In my last post, I showed a program that had a strange behavior that caught my eye. I was trying to look at how Go handles shared access to globals, but the program also had the unintended effect of measuring the “fairness” of the Go scheduler. Here’s the program again, for context:

package main

import "runtime"

var x int
var ch = make(chan bool)

func f(inc int) {
	for {
		println("f: ", inc)
		x += inc
		ch <- true
	}
}

func main() {
	go f(1)
	go f(-1)
	runtime.Gosched()

	for {
		_ = <- ch
		_ = <- ch
		println("main sees x = ", x)
	}
}

When you run this with GOMAXPROCS=3, and you are on a machine with at least three cores, you get precisely what you’d expect: three system threads, each one running one goroutine, and total fairness: f(1) happens once for every f(-1), and the long-run value of x is around 0, but sometimes higher or lower.

When you run this with GOMAXPROCS=1, you see something else. x goes to infinity because the goroutines are called in a unchanging cycle like this:

* f(1)
* f(1)
* f(-1)
* main

Talk about two steps forward, one step back!

Now, no one ever said life was fair, nor that the Go scheduler is fair.
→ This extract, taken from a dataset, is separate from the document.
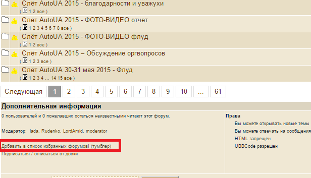 Спочатку, заходиш в один із форумів (не тему), наприклад "Autoua клуб". Листаєш в самий низ. Находиш "добавить в список избранных форумов! (тумблер)". Натискаєш. І так по всіх темах, що цікавлять.
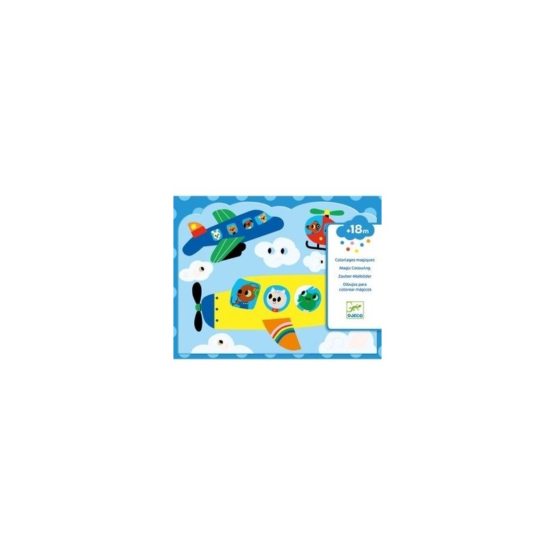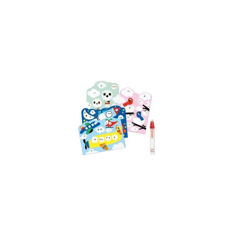 Une pochette de coloriage à l'eau adaptée pour les enfants, dès 18 mois. L'enfant colorie à l'aide du crayon à eau les parties blanches pour découvrir ce qui se cache dans le ciel. C'est magique : des motifs apparaissent et changent de couleurs ! Les planches sèchent et l'enfant recommence !

But in the spirit of digging down into Go more, let’s go find out why not.

Taking a look at the assembly for main, we can see that each read on the channel results in a call into runtime.readchan1. It is this call into the runtime that causes main() to yield control to the scheduler and let the f(1), f(1), f(-1) cycle begin again, so it should be interesting. If we go take a look at that function (see $GOROOT/src/pkg/runtime/chan.c) it’s not easy to understand right away how marking the sending goroutine as unblocked and ready results in the behavior we see. But this does give us a chance to talk about the Go runtime’s debugging feature, which is useful.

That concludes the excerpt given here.